=== Data under study ===

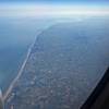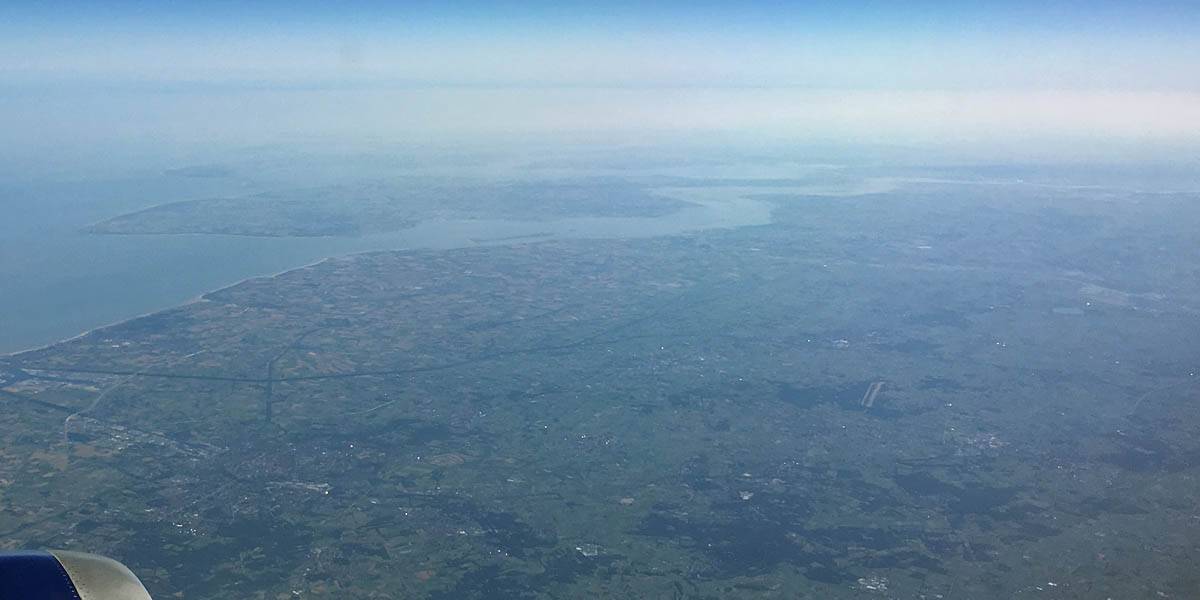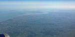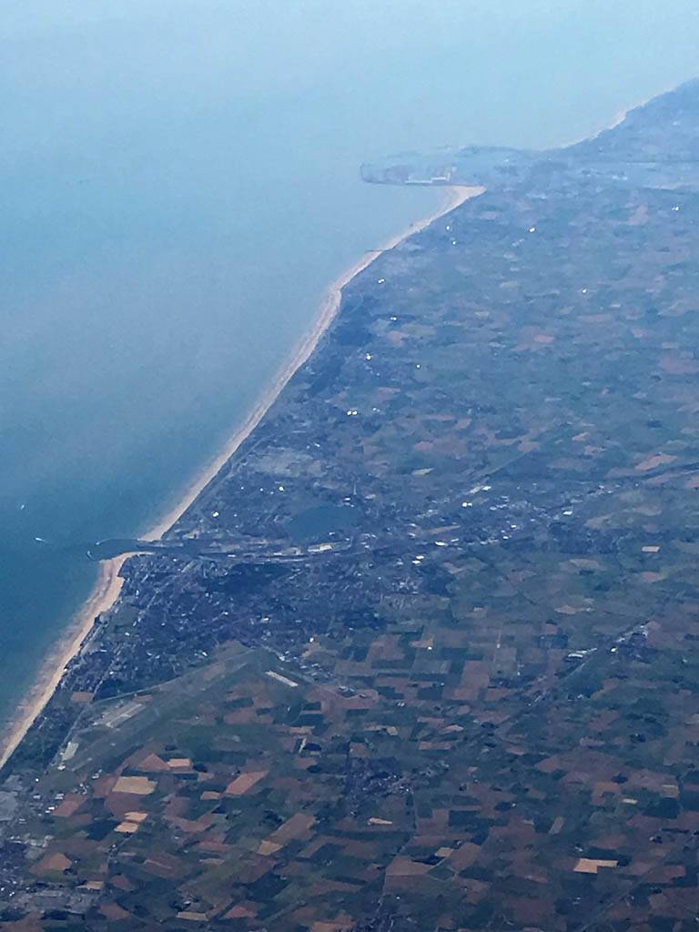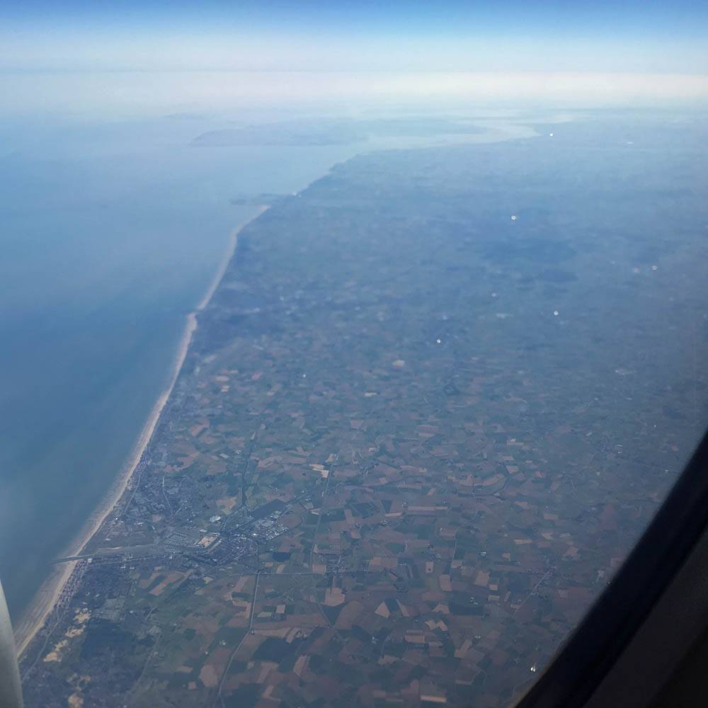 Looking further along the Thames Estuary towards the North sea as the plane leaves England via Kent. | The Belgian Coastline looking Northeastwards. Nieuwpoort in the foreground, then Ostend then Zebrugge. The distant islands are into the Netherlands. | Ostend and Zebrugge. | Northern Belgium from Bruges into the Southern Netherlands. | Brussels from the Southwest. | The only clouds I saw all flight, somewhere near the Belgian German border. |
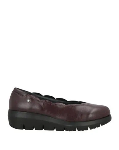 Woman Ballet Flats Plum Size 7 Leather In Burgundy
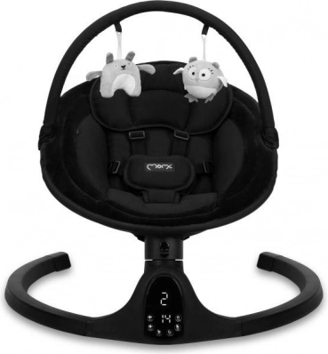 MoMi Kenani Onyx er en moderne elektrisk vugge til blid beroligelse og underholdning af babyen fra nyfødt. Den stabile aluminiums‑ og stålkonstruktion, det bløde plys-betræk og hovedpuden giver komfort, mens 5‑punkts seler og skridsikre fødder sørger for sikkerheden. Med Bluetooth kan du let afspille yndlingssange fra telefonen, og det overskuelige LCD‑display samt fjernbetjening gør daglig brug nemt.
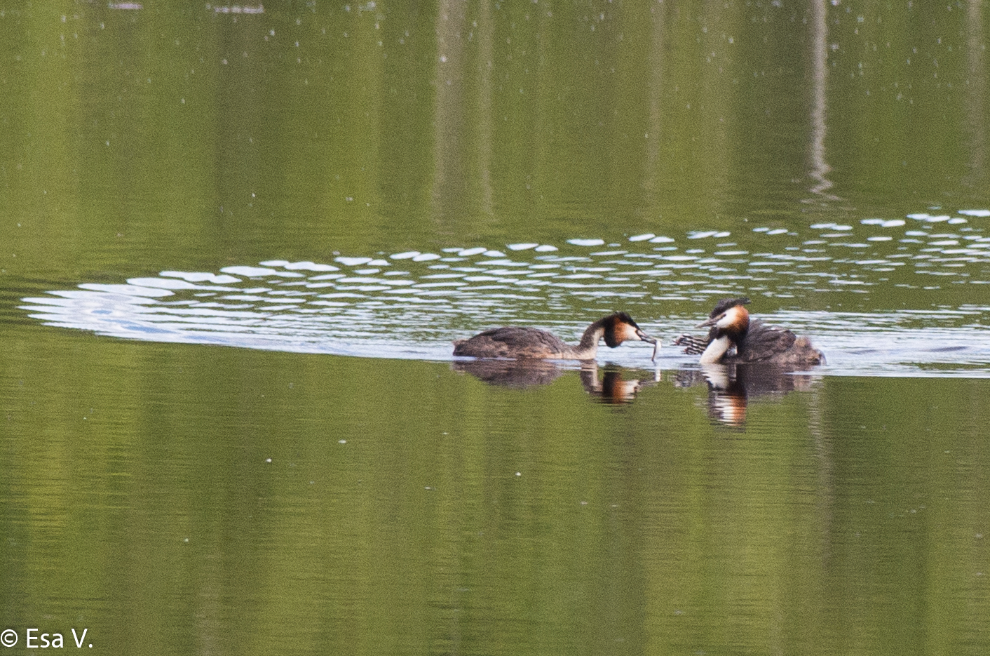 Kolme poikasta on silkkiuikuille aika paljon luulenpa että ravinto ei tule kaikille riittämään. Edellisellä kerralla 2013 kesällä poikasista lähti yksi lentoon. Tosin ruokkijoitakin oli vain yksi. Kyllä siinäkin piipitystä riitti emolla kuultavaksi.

===
=== Data under study ===

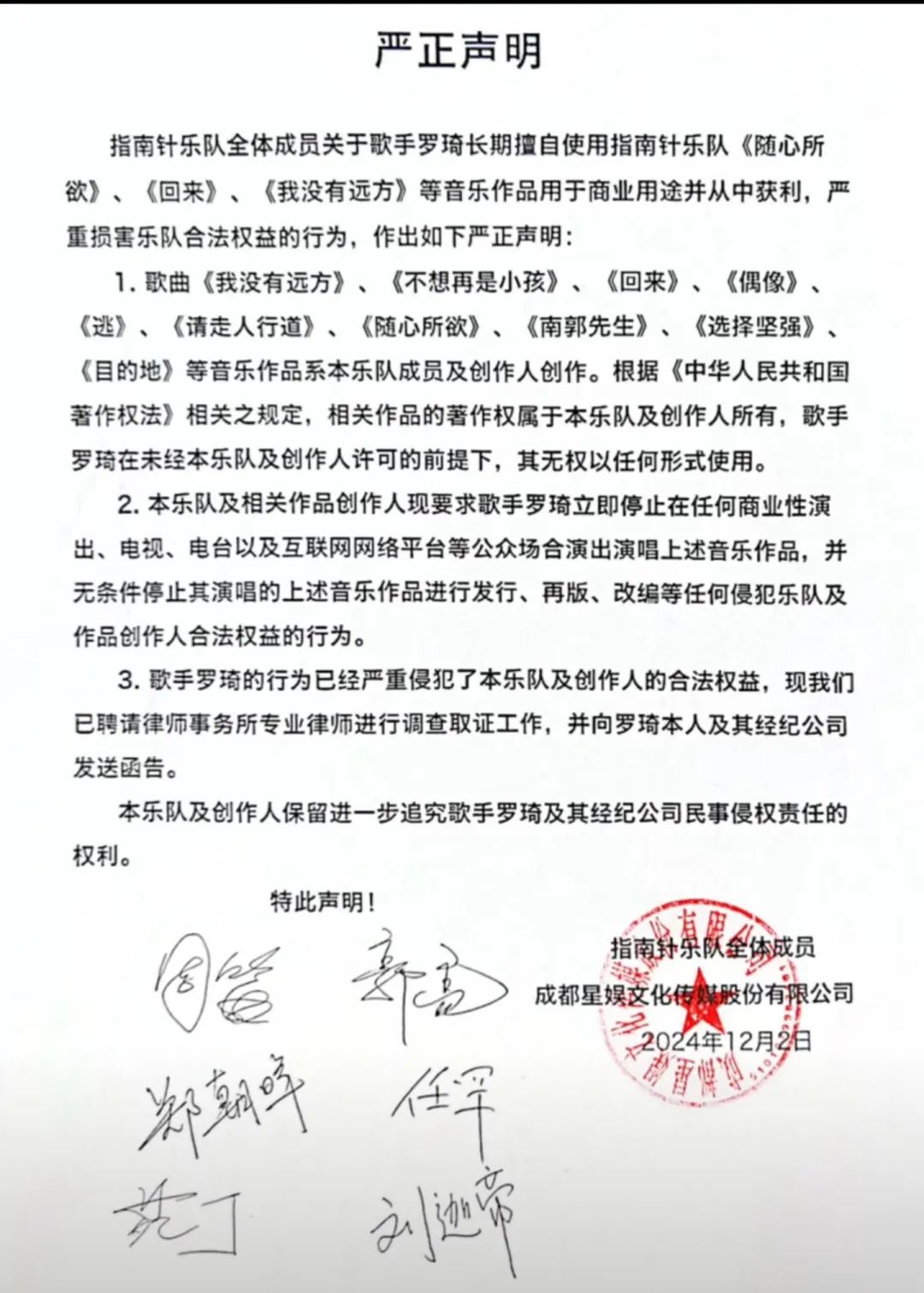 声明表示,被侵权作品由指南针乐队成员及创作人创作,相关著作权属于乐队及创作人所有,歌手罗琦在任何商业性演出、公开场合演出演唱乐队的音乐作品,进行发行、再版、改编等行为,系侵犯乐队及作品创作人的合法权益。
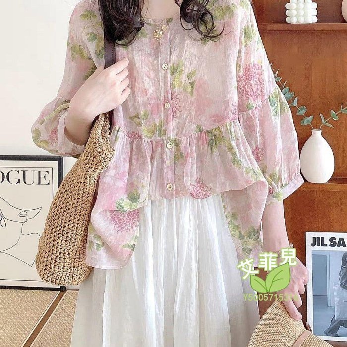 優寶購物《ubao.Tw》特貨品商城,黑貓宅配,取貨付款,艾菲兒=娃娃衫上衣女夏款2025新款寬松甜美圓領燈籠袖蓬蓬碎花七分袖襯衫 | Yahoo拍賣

===

Work item:
From the material above, give again exactly the lines from the one that contains "Woman Ballet Flats" through the one that contains "Kolme poikasta on", and leave out the pictures.

Written response:
 Woman Ballet Flats Plum Size 7 Leather In Burgundy
 MoMi Kenani Onyx er en moderne elektrisk vugge til blid beroligelse og underholdning af babyen fra nyfødt. Den stabile aluminiums‑ og stålkonstruktion, det bløde plys-betræk og hovedpuden giver komfort, mens 5‑punkts seler og skridsikre fødder sørger for sikkerheden. Med Bluetooth kan du let afspille yndlingssange fra telefonen, og det overskuelige LCD‑display samt fjernbetjening gør daglig brug nemt.
 Kolme poikasta on silkkiuikuille aika paljon luulenpa että ravinto ei tule kaikille riittämään. Edellisellä kerralla 2013 kesällä poikasista lähti yksi lentoon. Tosin ruokkijoitakin oli vain yksi. Kyllä siinäkin piipitystä riitti emolla kuultavaksi.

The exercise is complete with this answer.